* _Problem requirements_: Retype, word for word, the line holding "12月29日|现货黄金日内跌幅扩大至2%,报4436.33美元/盎司。" and every line below it to the end of the listing. Leave out the pictures.

*** Dataset section Section Begins ***

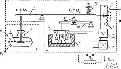 /— мембранный дифманометр; // — унифицированный токовый электросиловой преобразователь; / — вялая мембрана дифманометра; 2 — уплотняющий сильфон; 3 — основной рычаг; 4 — флажок индикатора; 5 — индикатор рассогласования дифференциально-трансформаторного типа; 6 — усилитель; 7— выпрямитель; 8— постоянный магнит; 9— катушка; 10— вспомогательный рычаг; // — подвижная опора; 12 — пружина для установки начального значения выходного сигнала;
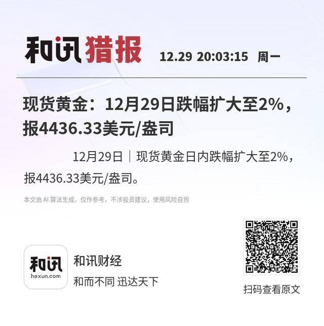 12月29日|现货黄金日内跌幅扩大至2%,报4436.33美元/盎司。
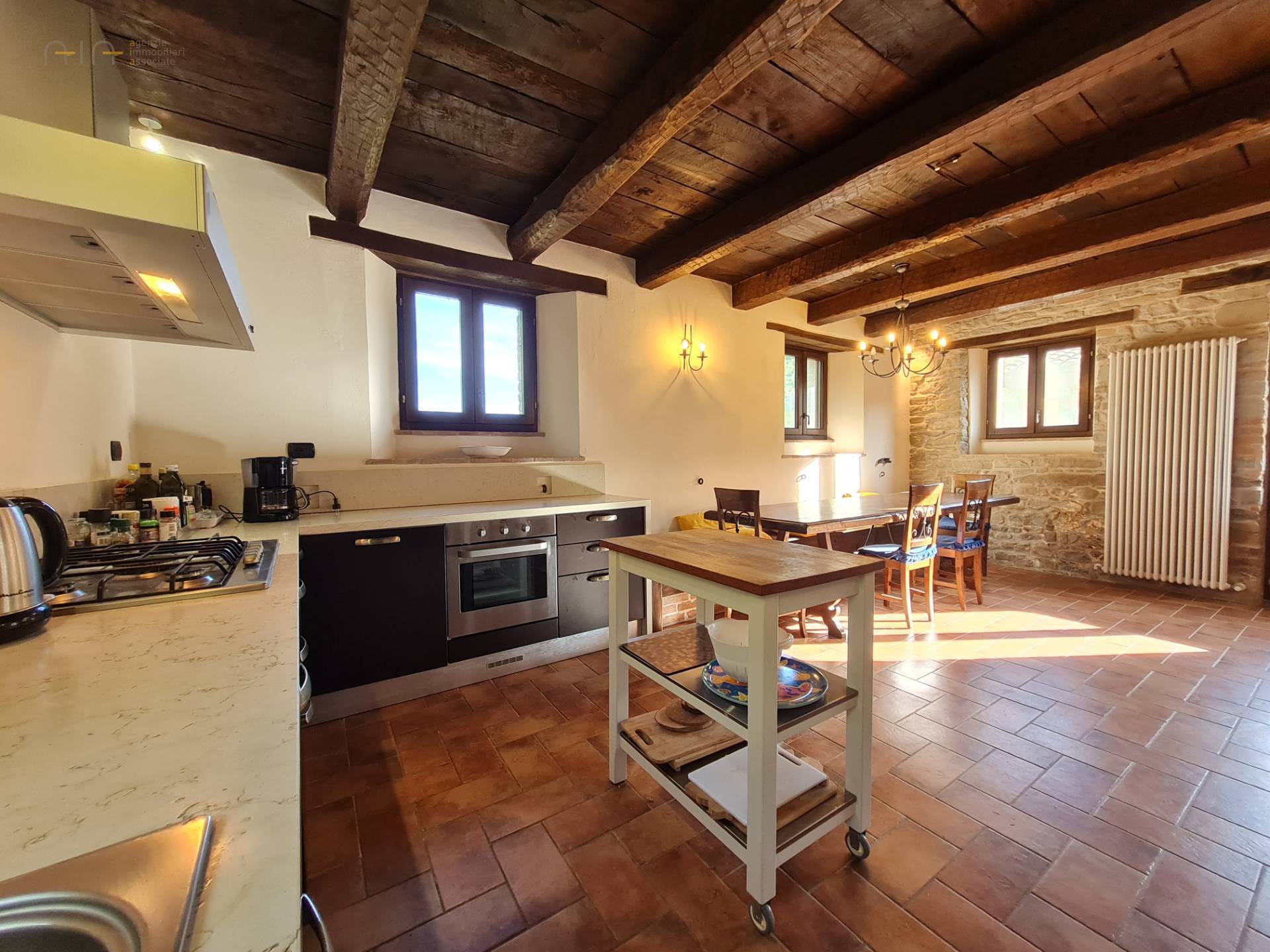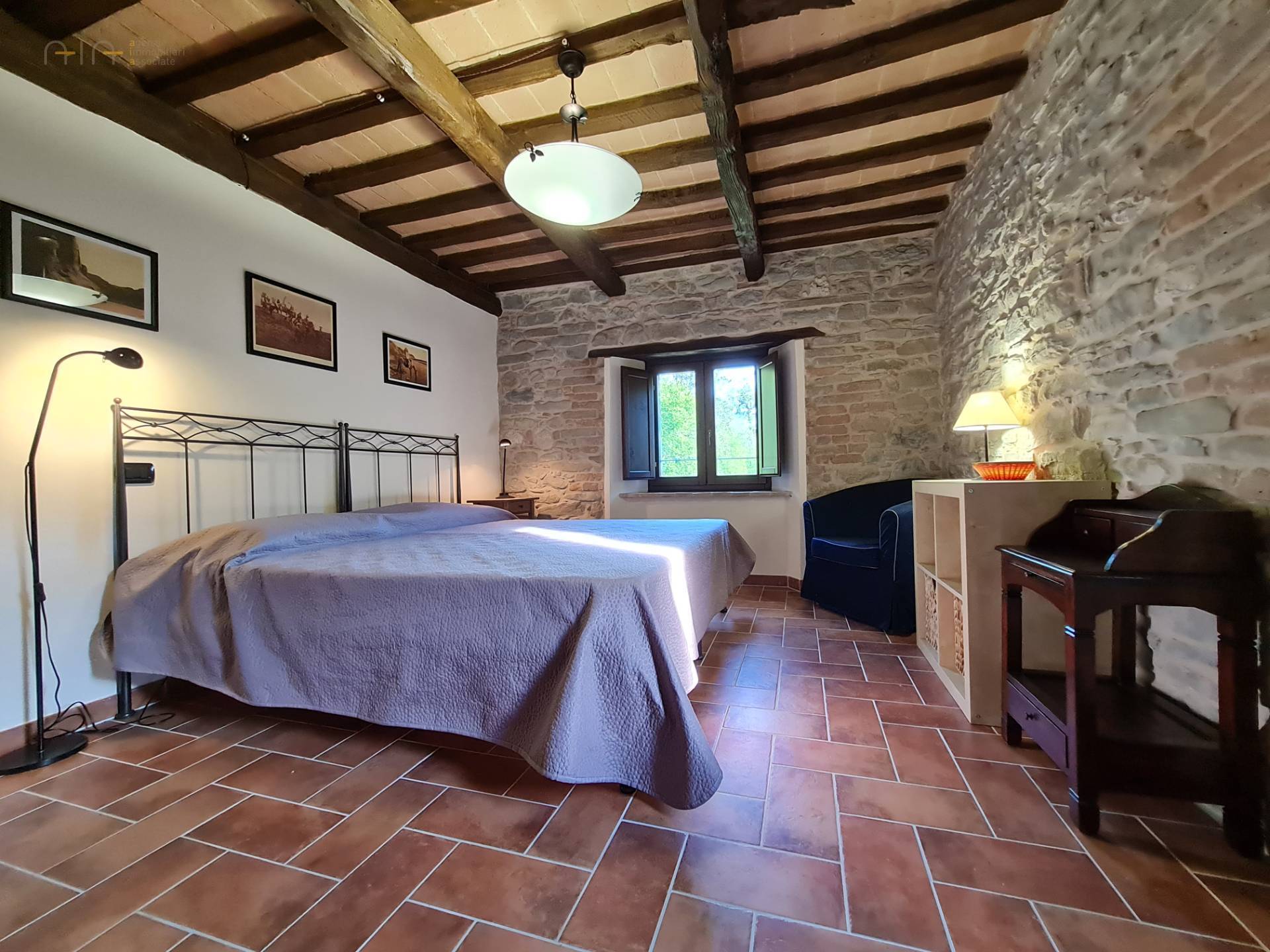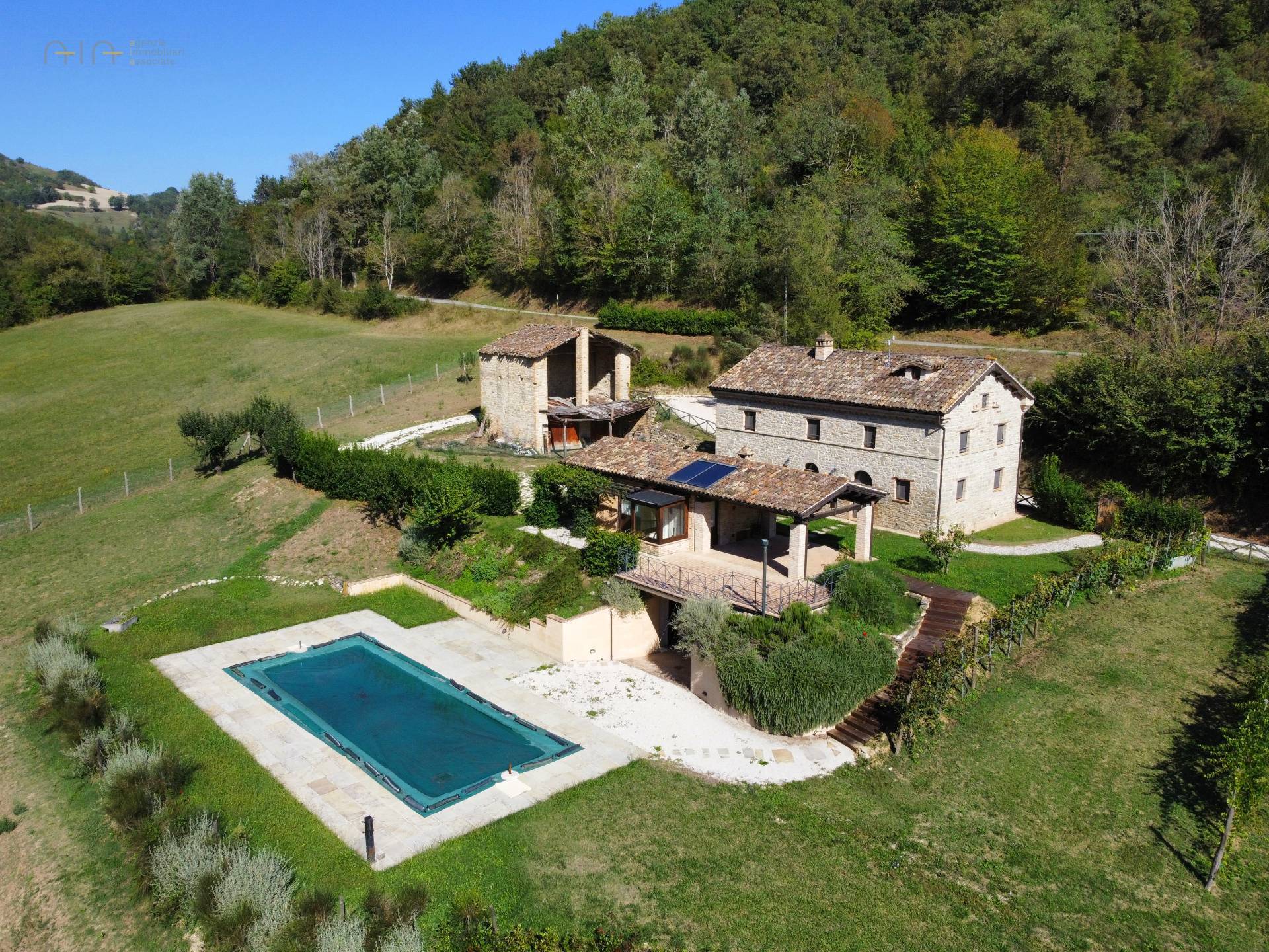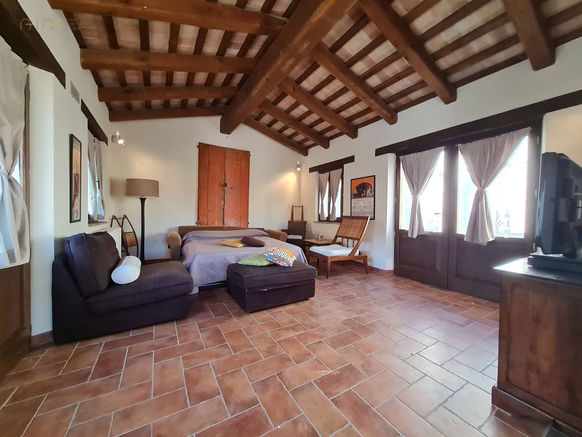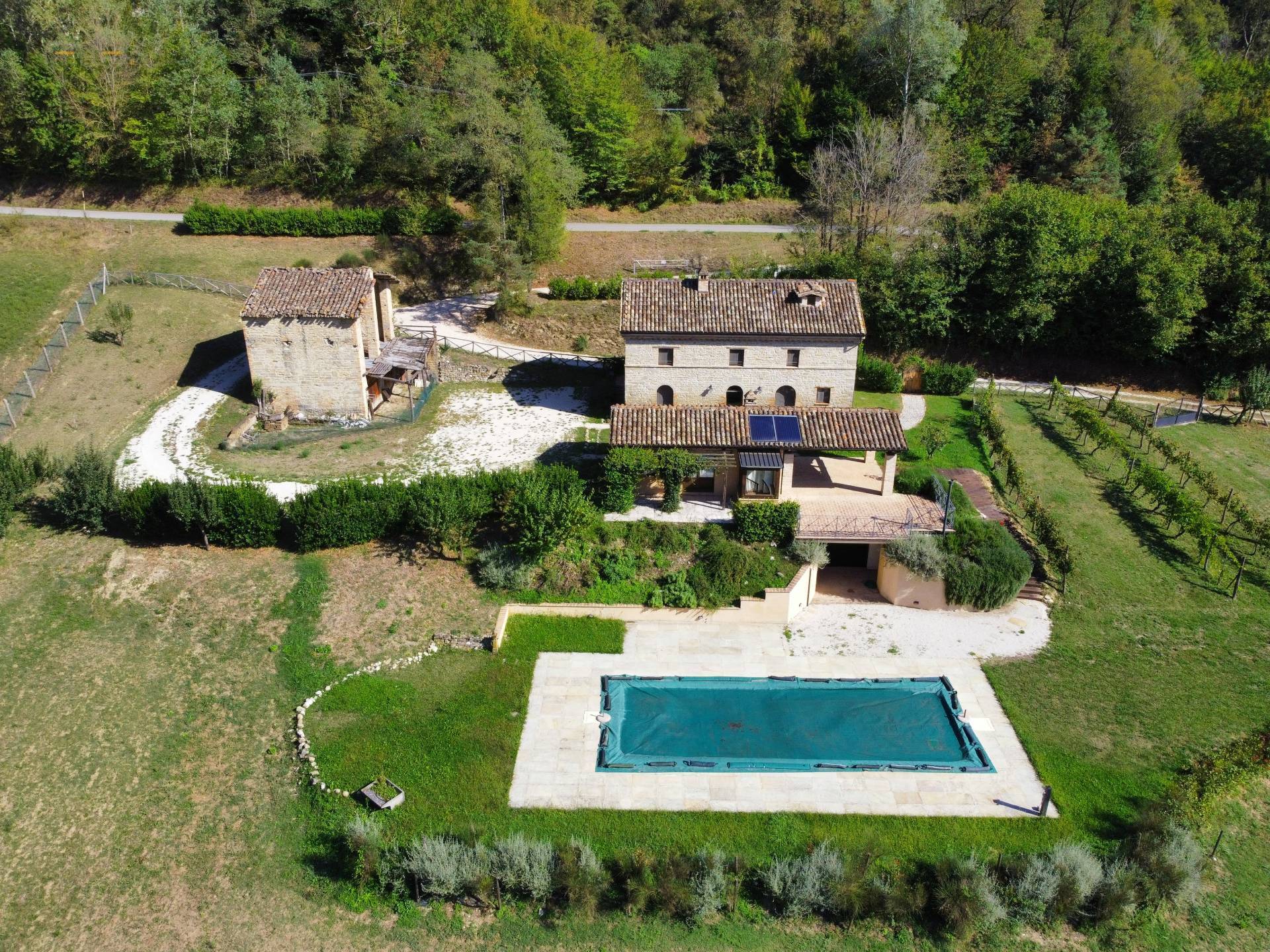 A few meters from the main house, a comfortable multipurpose annex has been renovated with bathroom, traditional oven, laundry, technical room for the swimming pool and large garage/storage room, as well as a beautiful porch with terrace. Note the solar panels on the roof used for the production of domestic hot water.

*** Dataset section Section Ends ***

* _Result of the task_:
 12月29日|现货黄金日内跌幅扩大至2%,报4436.33美元/盎司。
 A few meters from the main house, a comfortable multipurpose annex has been renovated with bathroom, traditional oven, laundry, technical room for the swimming pool and large garage/storage room, as well as a beautiful porch with terrace. Note the solar panels on the roof used for the production of domestic hot water.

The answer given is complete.